Она всё-таки приставила к нему слугу, который консультировал его, как вести себя в обществе. И тот говорил ему, что брать, как есть. Он же, лёжа на постели, рыкал на него:

– А пошёл ты к чёрту! Плевал я на ваш этикет!.. Вот возьму Русь, тогда что ни сделаю, это и будет этикет!.. Ты знаешь, кем я хотел бы быть?

– Кем?

– Змеёй.

– Почему?

– Она ест лёжа!

Смеялся, тряся животом, слуга говорил:

– Я согласен, ваше величество, с вами, что вы будете великим государем!.. Но сейчас, ваше величество, ваш этикет – это ваша ценная дорога к трону. Наш король – добрый человек. Но католики очень чопорные люди…

– Ваши католики мне не нужны! Пока они помогают мне, я их приближу, а потом – пинком под зад!..

– Ваше величество, держите эти мысли при себе! Не дай Бог кто-нибудь услышит… Вы должны помнить о выгоде. Ваши слова не делают вас великим политиком. Надо такие мысли держать в тайне…

И он подошёл к двери, высунул голову, осмотрелся. Убрал голову и закрыл дверь.

– Слава Богу, никто не слышал… – этим как бы говорил, что ему можно доверять, он не тот, другой: предан ему душой и телом, ему можно доверять всё.

Когда его послала к Дмитрию, чтоб научить политесу, он затрепетал. Он понял, что и ветер подул в его сторону. Птица счастья выбрала его. И он эту птицу счастья не упустит. Он будет рядом, будет верен ему, он будет докладывать ей лишь то, что ей известно и видимо. Что, не дай Бог, он скажет ей подобное, что он слышал от него о Дмитрии. Он скорее свой язык вытащит на полметра и отрубит. Но не скажет. Будет рядом. А там, в Руси, он повернёт всё по-своему. И может быть… От той неожиданно прилетевшей мысли он задрожал, передёрнулся и глянул на Гришку: уж не догадался ли он, о чём думает он?.. Он даже дёрнулся и готов был упасть перед ним на колени, просить прощения за мысли свои, за мечту дерзкую… А что? Гришка – царь, а он – приближённый, и « я счастливее всего его»!.. «Так может, его убрать и себя выдать за сына царя? И, если кто против, у меня в руках польская шляхта, отборные войска. И, к чести сказать…»

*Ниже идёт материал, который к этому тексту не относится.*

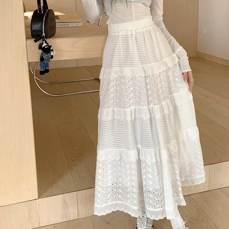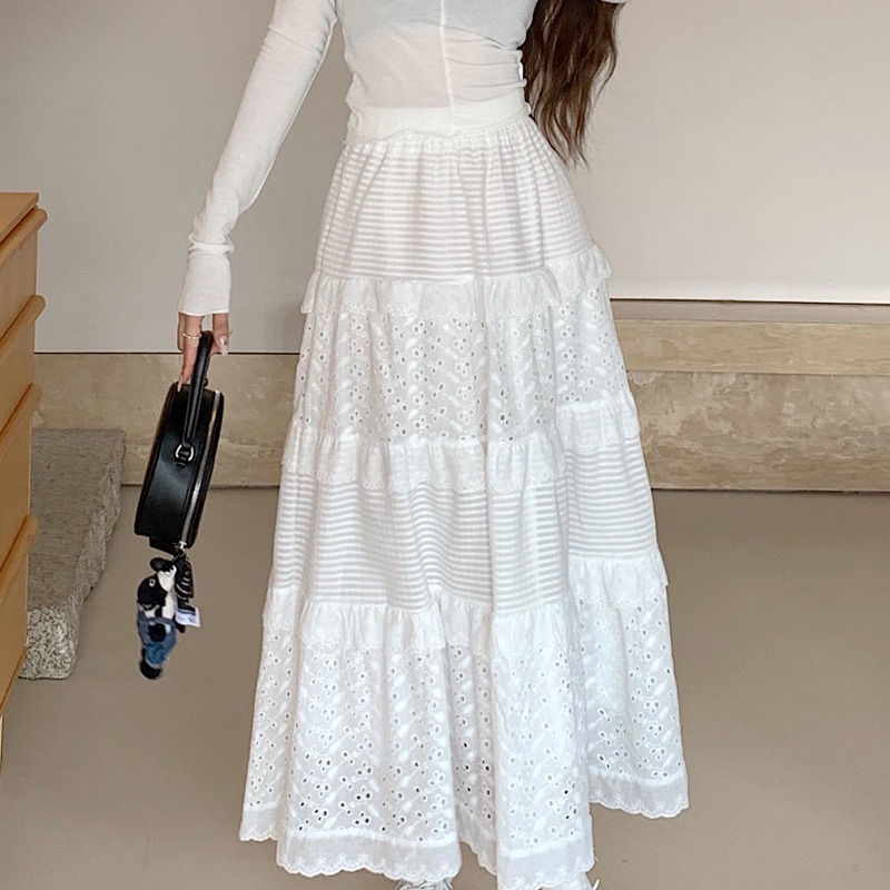 白色蛋糕裙女春秋夏2025新款 a字半身裙宽松韩系蓬蓬裙 高腰中长款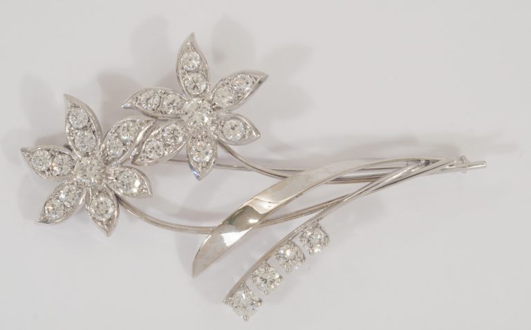 Eine Brosche in 18 Karat Weißgold in Form eines Blütenzweiges, 26 Brillanten zus. ca. 3,7 ct - VERKAUFT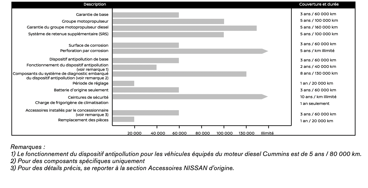 NISSAN CANADA INC., 5290 Orbitor Drive, Mississauga (Ontario) L4W 4Z5, garantit que toute pièce ou tout composant d'origine utilisés sur les véhicules neufs que NISSAN fournit seront, en cas de défaut de matériau ou de main-d'œuvre, réparés par un concessionnaire agréé NISSAN, ceci pendant la période de garantie et aux conditions stipulées dans le livret du propriétaire.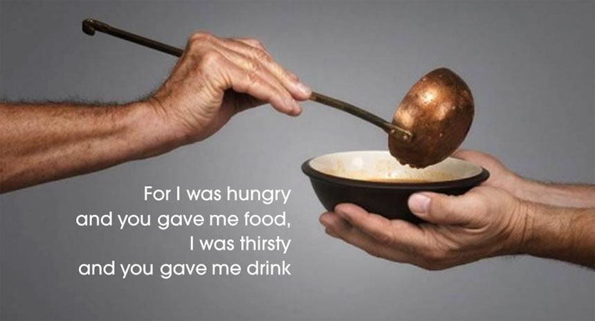 “For I was hungry and you gave me food, I was thirsty and you gave me drink, a stranger and you welcomed me, naked and you clothed me, ill and you cared for me, in prison and you visited me.”

…Вечер. Возле костра сидят двое – отправил их приближённый к Гришке Отрепьеву. Недалеко пасутся кони. Слышно их фырканье – видно, звери пугают их, потому и фыркают…

Один говорит другому:

– Ох, от этого дела, на которое мы идём, муторно на душе у меня… Грех-то какой – царя жизни лишить!

– Подумаешь, что мы, что ли, убьём Бориску?! Бог убьёт его… Зачем он позволил на Землю явиться такому сильному, с ядом, грибу?.. И зачем люд от мала до велика любит грибы?

– А я почём знаю?

– Вот наша задача – только положить в грибы грибочек бледной поганки. Значит, ни ты, ни я не знаем, какое таинство есть в нём… Из-под земли оно появляется, к деревьям не липнет и на них не растёт…

– Примут ли нас во дворце?

– Мы и не полезем на глаза царю Фёдору… Ох и умён, сатана!.. Сколько лет царствует!..

– Да много ли? Седмицу…

– Какую седмицу?! Царь Фёдор не царствовал, лишь был на троне. А царствовал он же… И хорошо царствовал – кровь не лилась! Только что на нём гибель людей от голода… Бог за наши прегрешения допустил такое… Он-то мог и душу отдать…

– Но не отдал!..

– Хлеб он давал…

– Но не велел открывать хранилища монастырей!

– А то – богово!.. Он не велел забирать у них.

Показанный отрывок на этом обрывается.